In the absence of functional TAP, the presentation of peptides by cancer cells is reduced, though it does not stop altogether. Rather, an alternative repertoire of peptides, termed T cell epitopes associated with impaired peptide processing (TEIPPs) are presented by these TAP deficient cells, and these peptides are still able to activate a functional CD8+ T cell response that leads to tumor regression (Marijt et al., 2019b; van Hall et al., 2006; Wolpert et al., 1997). By starting with a CTL that was capable of lysing tumor cells, then matching that CTL to its target antigen by generating a cDNA library of potential tumor antigens, one of these TEIPPs, preprocalcitonin (ppCT) was discovered, a protein that is highly overexpressed in several lung carcinomas when compared to healthy tissues. The presentation of this peptide was dependent on reduced expression of TAP (Durgeau et al., 2018; Hage et al., 2013). TEIPP-specific antigens, including ppCT are often self-protein derived, and are processed in the ER directly by a mechanism that involves signal peptidase and signal peptide peptidase before loading onto MHC-I molecules for presentation on the surface of TAP-deficient cells (Hage et al., 2013).

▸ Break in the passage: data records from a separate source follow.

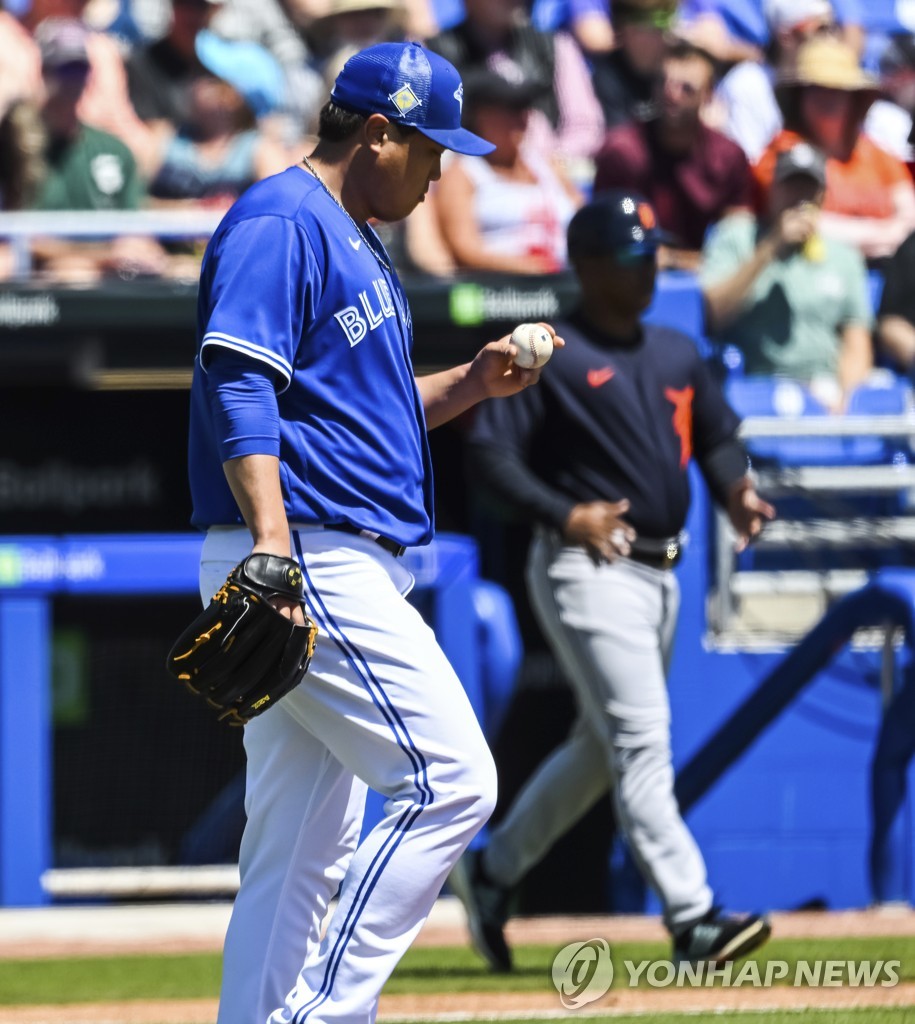 류현진은 26일(한국시간) 미국 플로리다주 더니든 TD볼파크에서 열린 2022 미국프로야구 메이저리그 디트로이트 타이거스와의 시범경기에 선발 등판해 3이닝 동안 4안타를 내주고 3실점 했다. 볼넷은 내주지 않고, 삼진 2개를 잡았다.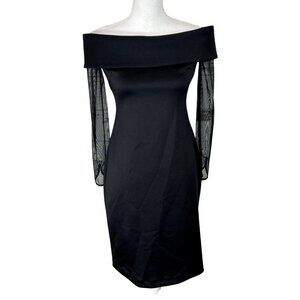 Make a statement in this classic Calvin Klein cocktail dress. Off the shoulder (with silicone stripping all around neckline to keep it in place) and sheer mesh sleeves, exposed gold tone rear zip closure with logo engraved zipper pull. Cut to enhance your curves. Polyester/Spandex Mesh. Dry clean. Worn just once to a party. Approx 15" armpit to armpit, 38" mid-shoulder to hem, waist measures approx 14" seam to seam when lying flat, hip measures approx 17" seam to seam when lying flat.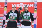 Niko Kytösaho ja Antti Aalto palkintopallilla Lahden maailmancupissa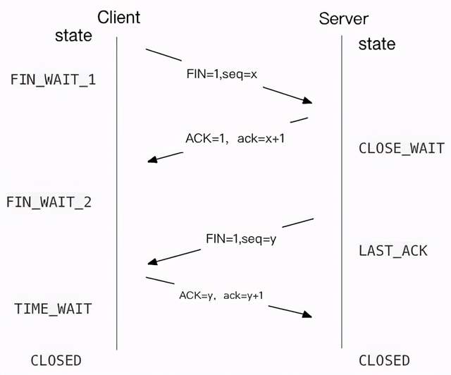 第四次挥手:客户端收到请求包后,发送ACK=1,ack=y+1的确认包给服务端,并进入TIME_WAIT状态,有可能要重传确认包。服务端收到确认包后,进入CLOSED状态,服务端到客户端的连接已断开。客户端等到一段时间后也会进入CLOSED状态。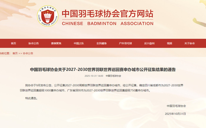 今年9月,中国羽协发布公告,公开赛征集2027-2030周期世界羽联世界巡回赛申办城市。经公开征集,中国羽协10月31日发布公告,确定四川省成都市为2027-2030世界羽联世界巡回赛超级1000赛申办城市,广东省深圳市为2027-2030世界羽联世界巡回赛超级750赛申办城市。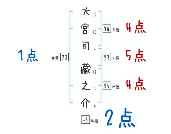 大宮司藏之介さんの画数の鑑定結果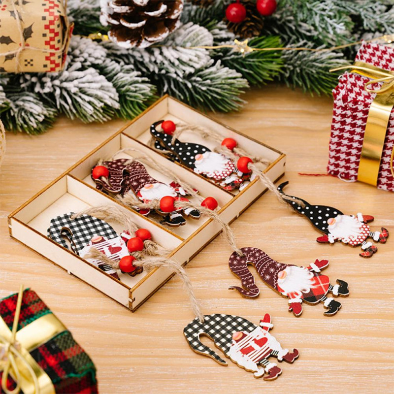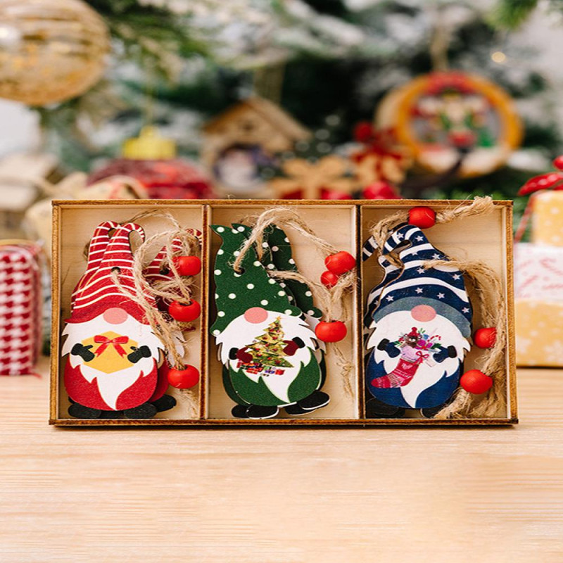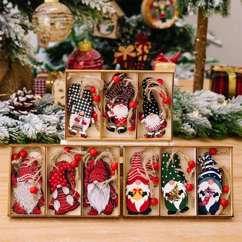 3 Pcs Christmas Gnome Ornaments Vintage Gnome Elf Wooden Hanging Decoration for Holiday Xmas Party Supplies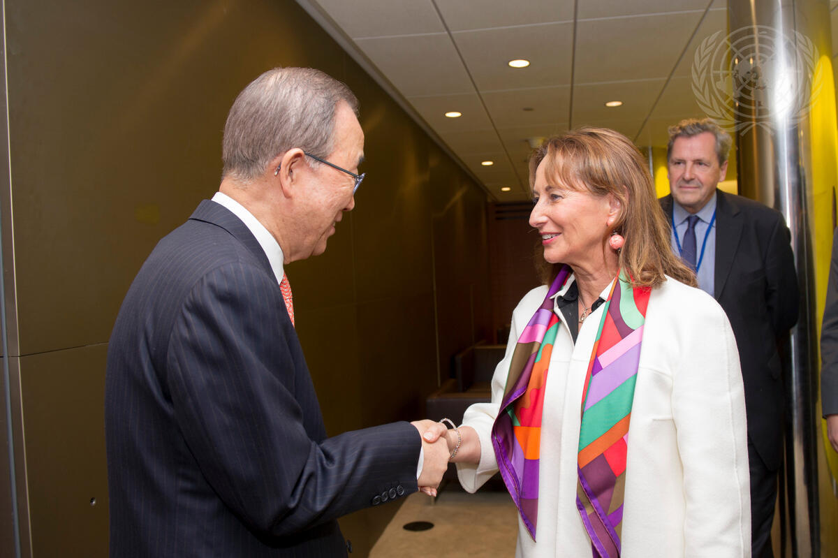 Secretary-General Ban Ki-moon (left) meets with Ségolène Royal, Minister of the Environment, Energy and Marine Affairs of France, and President of COP21.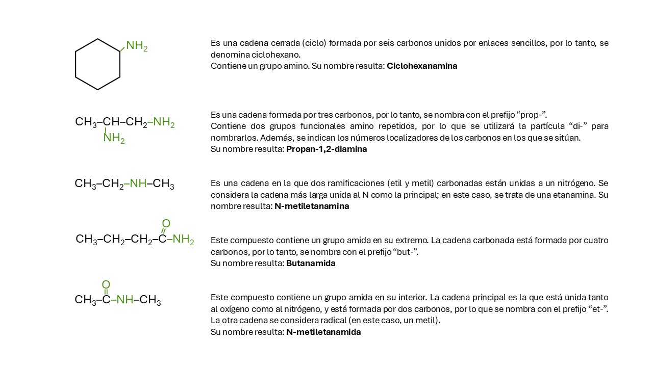 Amida. Contiene un átomo de N unido al carbono de un grupo carbonilo. Los restantes dos enlaces del nitrogéno pueden estar unidos a hidrógenos o a otros átomos de carbono; en este último caso, estos se considerarían radicales. Se utiliza el sufijo -amida para nombrar estos compuestos. Los posibles radicales se anteponen al nombre, alfabéticamente, e indicando que cuelgan del nitrógeno con el localizador N-.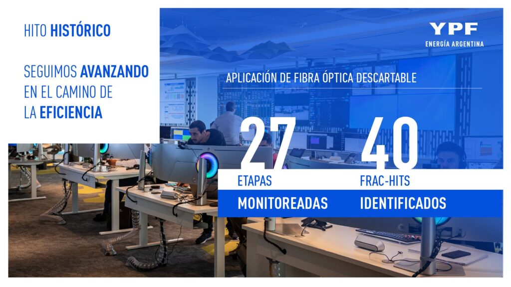 La petrolera YPF comenzó a aplicar en sus operaciones de fractura en Vaca Muerta tecnología de fibra óptica descartable para el monitoreo en tiempo real de cada una de las etapas de estimulación, de acuerdo a lo anunciado por su presidente y CEO, Horacio Marín. Esta experiencia se está llevando adelante con la empresa de servicios especiales Halliburton, y permite conocer en el mismo momento de la operación el impacto en el pozo y los aledaños.

The ability of TEIPP-specific CD8+ T cells to selectively target other TAP-defective cancer types has been demonstrated in colon carcinoma, lymphoma, melanoma, and renal cell carcinoma (Marijt et al., 2019b). It has been hypothesized that TEIPP peptides are only presented by TAP-defective cells because under normal circumstances where functional TAP is intact, TEIPP peptides are outcompeted by the more abundantly available, proteasome-derived peptides to bind MHC-I molecules, or because TEIPP peptides form weaker complexes with MHC-I molecules compared with those generated canonically (Marijt et al., 2019a). Additionally, TEIPP peptide presentation by MHC-I molecules may be necessary for cancer cells to evade natural killer (NK) cells, since NK cells usually target cells that lack surface MHC-I expression.

Furthermore, recent data in cancer patients treated with immune checkpoint inhibitors report treatment failure due to cancer cells acquiring immune resistance by modulating components of the MHC-I peptide presentation pathway or IFN-γ response pathway, which regulates the expression of MHC-I antigen-presentation machinery, as explained earlier. This significantly impairs CD8+ T cell mediated responses (Burr et al., 2019; Manguso et al., 2017; Pan et al., 2018; Patel et al., 2017; Shin et al., 2017; Zaretsky et al., 2016). As an alternative therapeutic strategy, TEIPP peptides have been proposed for use in vaccinations against cancer in humans to induce a robust CD8+ T cell antitumor response, since these peptide are unmutated and ubiquitously expressed in various types of cancers (Durgeau et al., 2018), and the presence of TEIPP-specific naïve T cells has been reported to be common in many people (Marijt et al., 2018). Additionally, targeting TEIPP with in vitro expanded TEIPP-specific CD8+ T cell clones has also been proposed as a therapeutic strategy to prevent primary and metastasized cancer cells from evading immunosurveillance (Chambers et al., 2007; Durgeau et al., 2018; Marijt et al., 2019b).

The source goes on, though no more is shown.